►
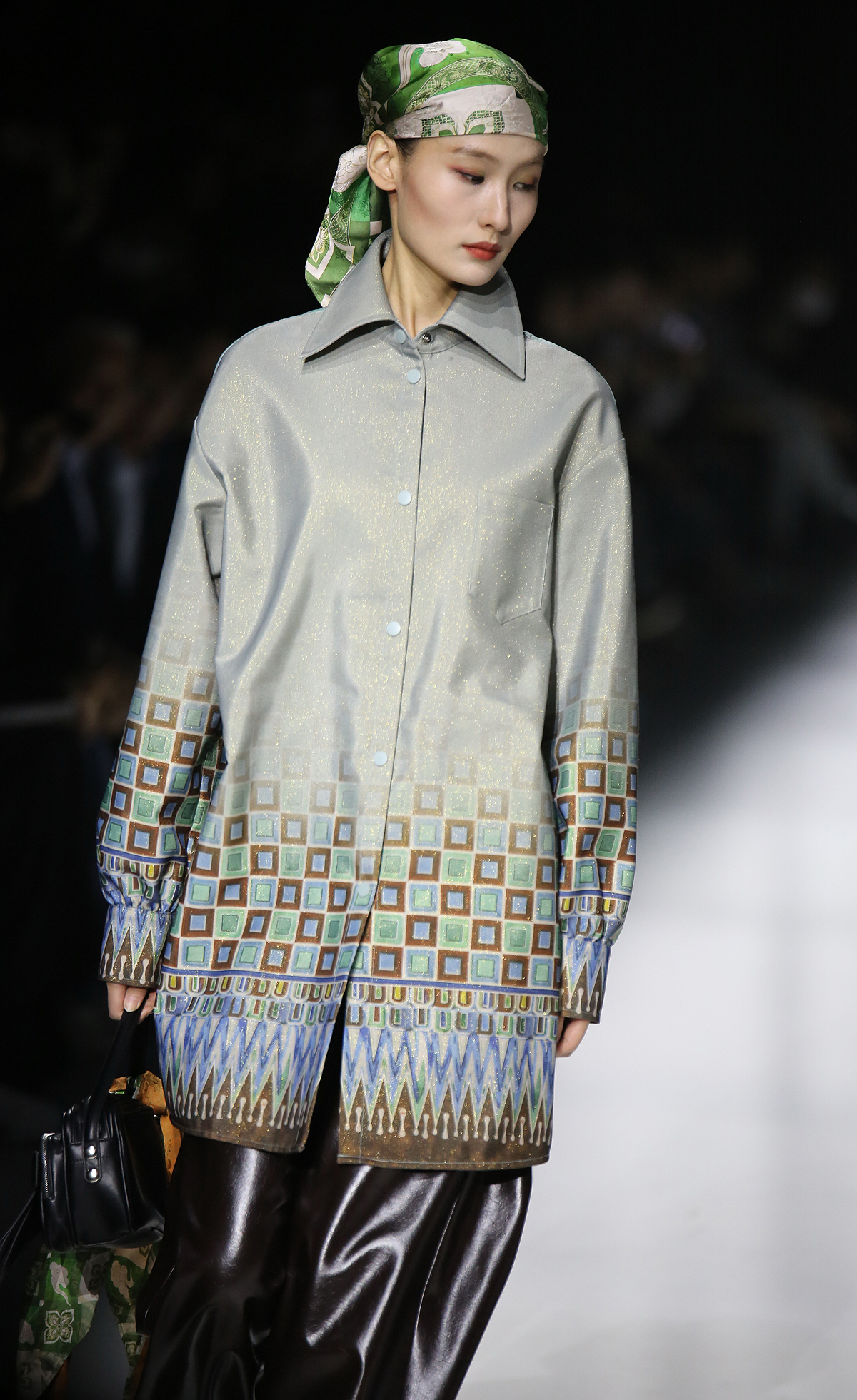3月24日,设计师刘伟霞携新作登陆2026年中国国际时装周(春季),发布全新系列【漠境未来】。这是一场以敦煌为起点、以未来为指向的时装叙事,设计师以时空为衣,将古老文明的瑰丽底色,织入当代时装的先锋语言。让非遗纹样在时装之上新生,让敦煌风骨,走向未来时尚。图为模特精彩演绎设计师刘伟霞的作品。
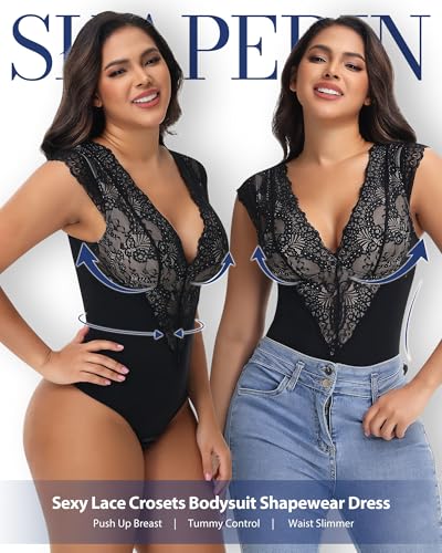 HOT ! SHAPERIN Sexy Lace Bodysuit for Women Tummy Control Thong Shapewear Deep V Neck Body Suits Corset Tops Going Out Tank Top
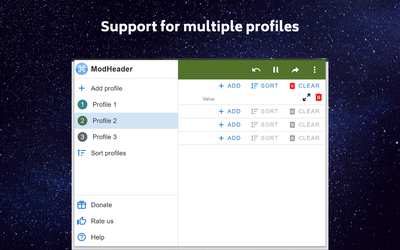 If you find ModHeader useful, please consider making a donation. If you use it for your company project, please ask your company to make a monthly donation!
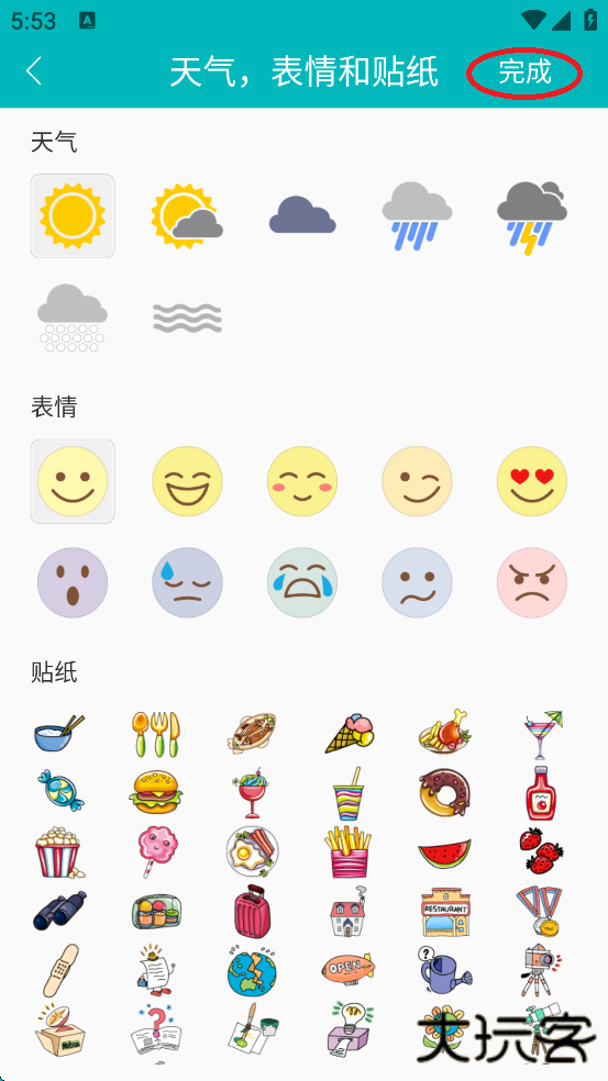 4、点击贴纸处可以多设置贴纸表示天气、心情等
◄
Task details - Leaving out the pictures, transcribe the material above exactly.

Exercise answer -
3月24日,设计师刘伟霞携新作登陆2026年中国国际时装周(春季),发布全新系列【漠境未来】。这是一场以敦煌为起点、以未来为指向的时装叙事,设计师以时空为衣,将古老文明的瑰丽底色,织入当代时装的先锋语言。让非遗纹样在时装之上新生,让敦煌风骨,走向未来时尚。图为模特精彩演绎设计师刘伟霞的作品。
 HOT ! SHAPERIN Sexy Lace Bodysuit for Women Tummy Control Thong Shapewear Deep V Neck Body Suits Corset Tops Going Out Tank Top
 If you find ModHeader useful, please consider making a donation. If you use it for your company project, please ask your company to make a monthly donation!
 4、点击贴纸处可以多设置贴纸表示天气、心情等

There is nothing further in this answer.